It’s no secret that I love sweet things. It therefore shouldn’t surprise anyone that one of my favourite Christmas traditions is dessert focussed. Or more specifically, custard focussed. As a kid, I didn’t like plum pudding, so Christmas dessert was just a bowl full of custard. I have fond memories of making an enormous vat of custard with the family on Christmas day and indulging in bowlfuls of custard with my cousins, sans pudding.
These days I happily enjoy pudding and brandy butter, but the dousing in custard is mandatory. This Christmas, I was slated to lunch with the in-laws. When I found out that custard isn’t ordinarily part of their Christmas day spread, I happily volunteered to bring some along.
I tracked down a simple recipe for custard on the Gourmet Traveller Australia site. The recipe said that it serves 6. I planned to make the custard do double time, serving it for Christmas eve dinner with friends and taking it along to Christmas lunch. Total number of guests needing custard was 26, so I initially planned to triple the recipe. Then Mr M came home with enough cream, milk and eggs to quadruple the recipe. Perfect!
Hesitations about the quantity of custard began when I saw the debris from 24 eggs. Yes, 24 eggs:
I realised I had a serious custard problem when I was in the final stages of the recipe and there was enough custard to fill my enormous pasta pot to the brim.
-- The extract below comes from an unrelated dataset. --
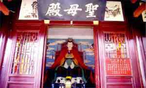 媽祖殿:媽祖是一位海神,保佑船家以及海上的平安.媽祖在我國南方沿海及東南亞、日本、朝鮮一帶極受崇拜。那么為什么要在綿山修媽祖殿呢?明清時期著名皇商介休范家,由于常有海上貿易,是舉世聞名的船幫。有一次,他們又有出海業務,船隊在大海中飄泊已有半月。此時忽然狂風驟起,烏云翻滾,四周一片漆黑,并發生了海嘯,眼看就要人仰船翻。船上的人驚慌失措,心中默念海神,希望得到救助。就在此危難時刻,突然從海中緩緩升起一位站在白蓮臺上的朱衣女子。她往海中扔了顆定風珠,風漸漸小了,天也亮了,一切又平靜下來,好象什么也沒發生過。當人們回過神來,再看這位朱衣女子時,已經騰空而去。人們頓時明白這是海神媽祖娘娘顯靈救了他們。此次出海他們滿載而歸;氐浇樾莺螅瑸榱烁兄x媽祖娘娘的救命之恩,在綿山建廟供奉媽祖。媽祖為閩南方言,又稱“天上圣母”,“天后娘娘”。她能預言禍福,善于治病救人。農歷三月初三和九月九日是媽祖的生日和升天日。媽祖左側為吳天醫,醫術高超,救人無數;右側為順天圣母,能除蛇妖,催生助產,是保護婦女、兒童之神。

I chilled the mixture down, then decanted it into some milk bottles for easy transportation…
4 litres. 4 litres!
I duly served the custard on Christmas eve to friends and at Christmas lunch. Despite my heavy handed pushing of the custard, and leading by example in eating it by the bowlful, after the two events I had close to 2 litres left. I palmed some custard off to W, took some to Christmas dinner and still took about 500ml home after all Christmas activities were finished.
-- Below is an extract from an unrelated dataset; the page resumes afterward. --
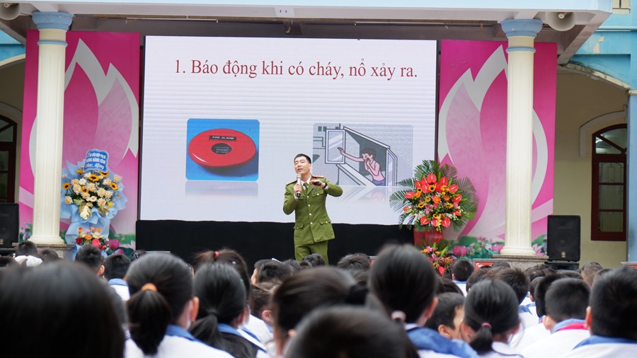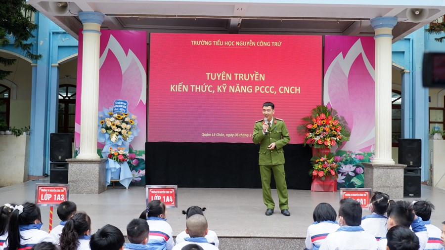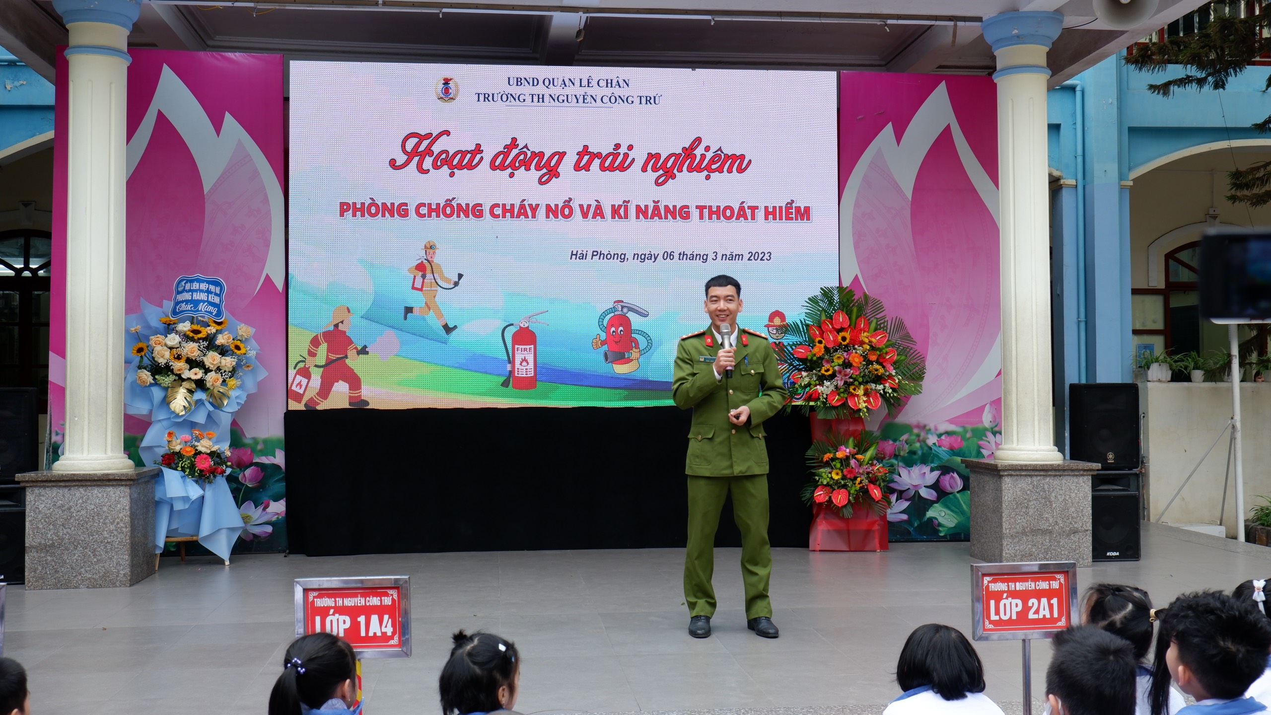 Ngày 6/3/2023, trường tiểu học Nguyễn Công Trứ phối hợp cùng công an cảnh sát phòng cháy chữa cháy quận Lê Chân tổ chức tuyên truyền một số biện pháp phòng chống cháy nổ và kĩ năng thoát hiểm cho các em học sinh toàn trường.

So the lesson to be learnt is – you can have too much custard. And when a recipe suggests 1 litre for 6 people, that does not hold for Christmas day. A rough working guide would be about 1L for 15 or so people, and you may have some left over.
1 vanilla bean
6 egg yolks
150g caster sugar
- Place milk, cream and seeds from vanilla bean in a heavy based saucepan and heat to just below boiling.
- Separate eggs and place egg yolks and sugar in a bowl.
- Whisk egg yolks and sugar until very thick and pale.
- Slowly pour hot cream mixture over the egg yolk mixture, whisking continuously. Go very slowly, this is the scary part where the mixture may split (hence no photos!)
- Pour the custard into a clean saucepan and cook, stirring continuously until the custard has thickened enough to coat the back of a spoon.
- Strain the custard into a bowl over iced water and allow to cool completely. I kept whisking the custard until it was cool (again, fear of splitting!)
- Decant into a container and refrigerate until required.
- To serve, gently reheat the custard in a saucepan, stirring constantly. Or you could just eat it cold. Enjoy!